### PROVIDED MATERIAL ###
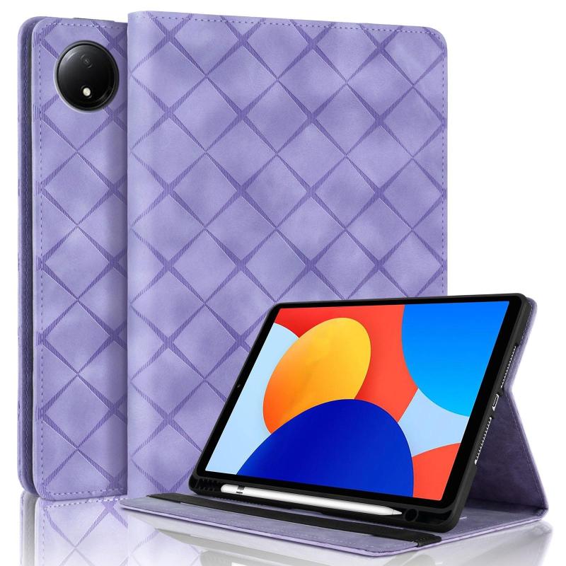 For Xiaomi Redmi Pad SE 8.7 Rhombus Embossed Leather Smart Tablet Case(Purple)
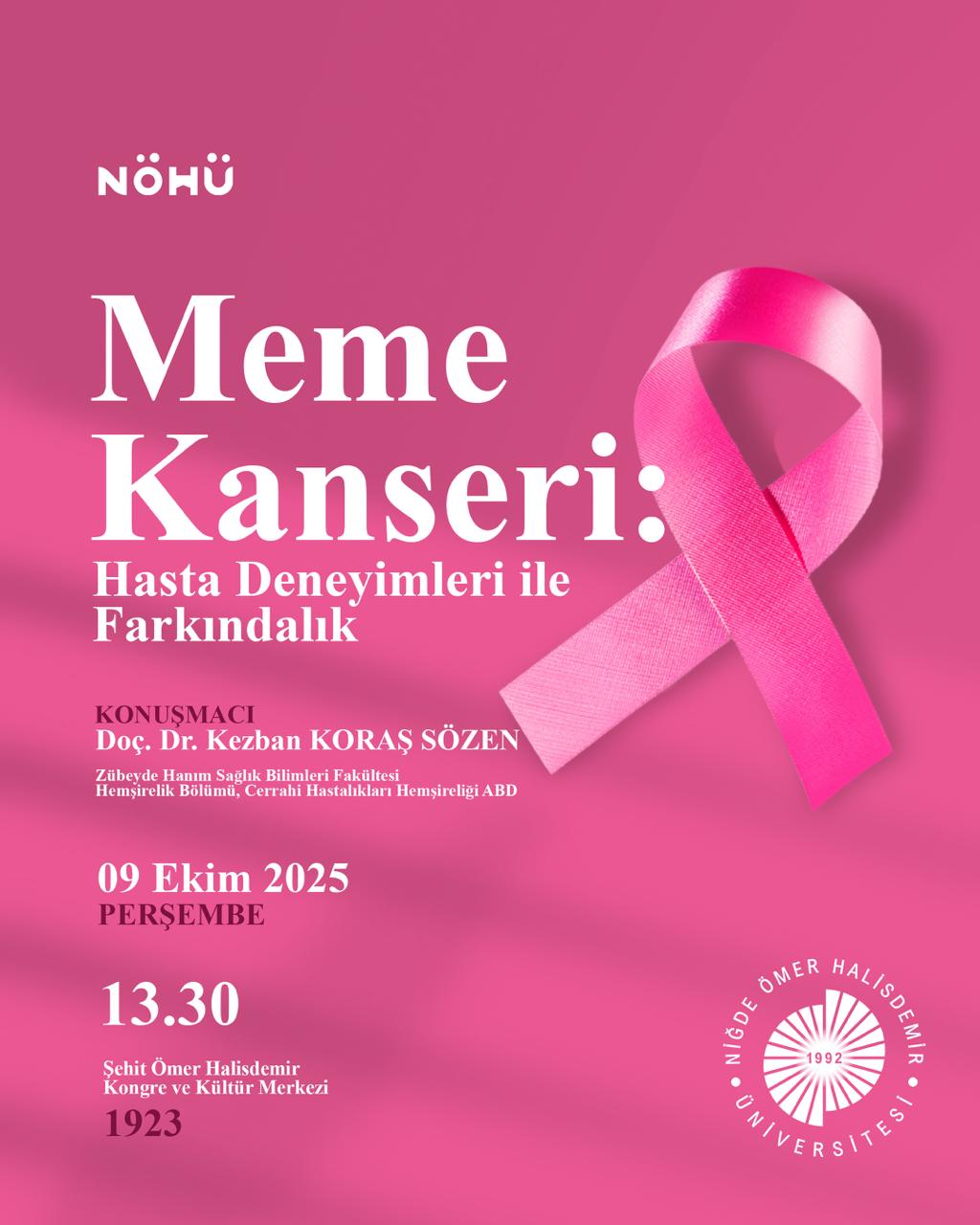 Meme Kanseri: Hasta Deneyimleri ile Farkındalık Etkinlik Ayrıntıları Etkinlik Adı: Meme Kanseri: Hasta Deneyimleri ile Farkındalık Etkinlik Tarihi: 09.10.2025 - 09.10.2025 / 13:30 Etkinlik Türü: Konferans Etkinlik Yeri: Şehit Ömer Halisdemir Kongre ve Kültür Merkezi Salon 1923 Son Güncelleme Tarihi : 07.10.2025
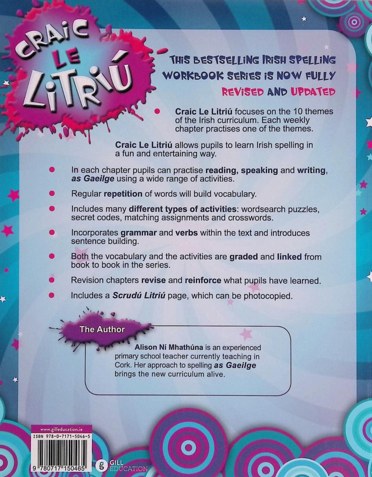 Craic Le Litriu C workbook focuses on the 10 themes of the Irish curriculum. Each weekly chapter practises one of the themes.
###
*EXERCISE DETAILS*. Print only the lines from the line that contains "Tarihi : 07.10.2025" to the final line of the data, inclusive. Pictures stay out.

*WRITTEN ANSWER*.
 Meme Kanseri: Hasta Deneyimleri ile Farkındalık Etkinlik Ayrıntıları Etkinlik Adı: Meme Kanseri: Hasta Deneyimleri ile Farkındalık Etkinlik Tarihi: 09.10.2025 - 09.10.2025 / 13:30 Etkinlik Türü: Konferans Etkinlik Yeri: Şehit Ömer Halisdemir Kongre ve Kültür Merkezi Salon 1923 Son Güncelleme Tarihi : 07.10.2025
 Craic Le Litriu C workbook focuses on the 10 themes of the Irish curriculum. Each weekly chapter practises one of the themes.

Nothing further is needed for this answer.